In a recently published paper, “The Political Legacy of American Slavery,” Avidit Acharya, Matthew Blackwell, and Maya Sen describe the long-term effects of slavery on attitudes of those living in the American South today:

Whites who currently live in counties that had high concentrations of slaves in 1860 are on average more conservative and express colder feelings towards African Americans than whites who live elsewhere in the South. That is, the larger the number of slaves in his or her county of residence in 1860, the greater the probability that a white Southern today will identify as Republican, express opposition to affirmative action, and express colder feelings towards African Americans.

Acharya, Blackwell, and Sen found that, as researchers have noted many times before, every generation of Southerners has inherited their parents’ racial beliefs. But the authors also argue that the abolition of slavery pushed white Southerners to create “informal institutions and cultural norms” that were racially driven because the “state-level institutions promoting slavery” previously protecting “their economic and political positions in society” were gone. They stated, “Locally high concentrations of African Americans today in turn threaten whites’ dominance today, which results in whites contemporaneously adopting more conservative racial attitudes.”

In other words, research underpins what anecdotes show clearly: Any institution of higher learning that stands below the Mason Dixon line—at least, any institution started more than a few years ago—is fighting an old, old war.


Amy*, who was a member of Pi Beta Phi at the University of Alabama, told me that she hadn’t seen any black women rejected by the sorority in her time there. None of them had ever tried to join. One biracial student she knew had tried to rush the traditionally white National Panhellenic Sororities, and had gotten nowhere.

Amy said she joined Pi Phi because it had been her mother’s sorority, at another Southern college. A shy and sheltered honors student, she said she only made it through rush as a legacy. When it came time for recruitment the following year, the Pi Phis were sorted into A, B, and C groups, based on how pretty and socially together they were. Amy found herself in group C, looking over recruitment forms in a basement.

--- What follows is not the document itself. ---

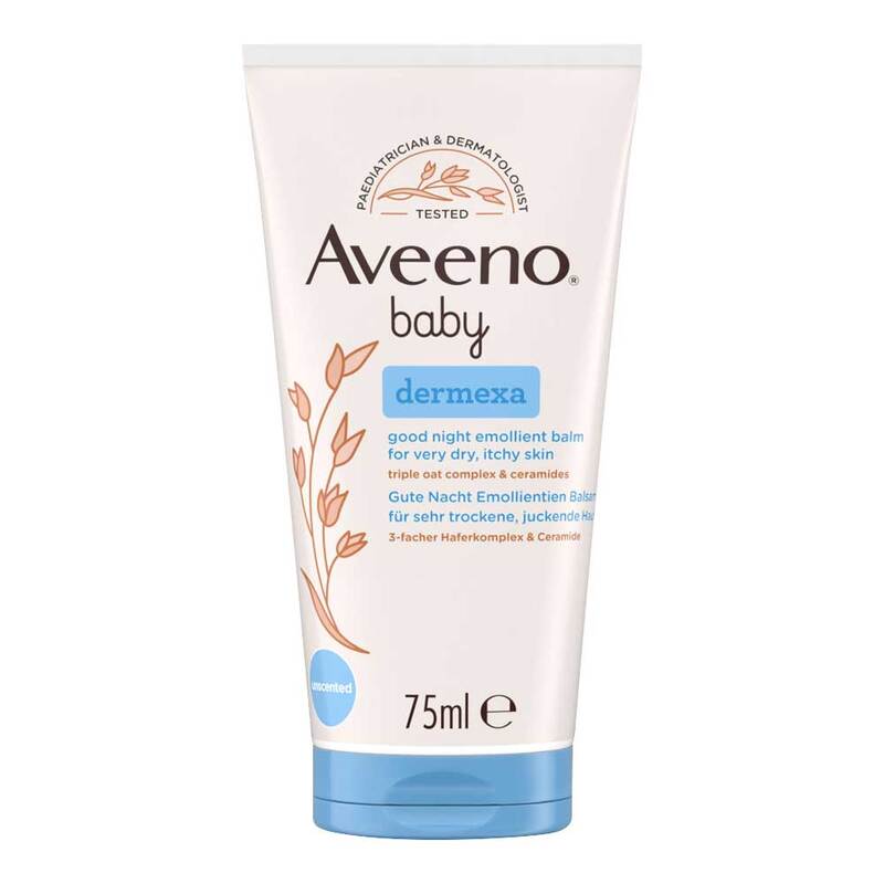Aveeno® baby dermexa Gute Nacht Emollientien Balsam mit dem 3-fachem Haferkomplex & Ceramide beruhigt sehr trockene, juckende Babyhaut & spendet intensive Feuchtigkeit - klinisch erwiesen.

Girls were rejected, Amy said, for being different in any way. To stop undesirable candidates, she further claimed, seniors would intervene and change ballots cast by younger members. “The young girls would vote, and the older girls would come in and change them,” she said. “Once you’re a senior, you have hierarchy of power.”

This insistence on similarity is where the racism in Greek organizations begins, in rooms full of people who look alike, seeking recruits who remind them of themselves. When people don’t match—because they’re of a different race, or heavier, or something else—“it’s like a flashlight in the dark. There’s no way not to notice it,” said Greg.


When people don’t match—because they’re of a different race, or heavier, or something else—“it’s like a flashlight in the dark. There’s no way not to notice it,” said Greg.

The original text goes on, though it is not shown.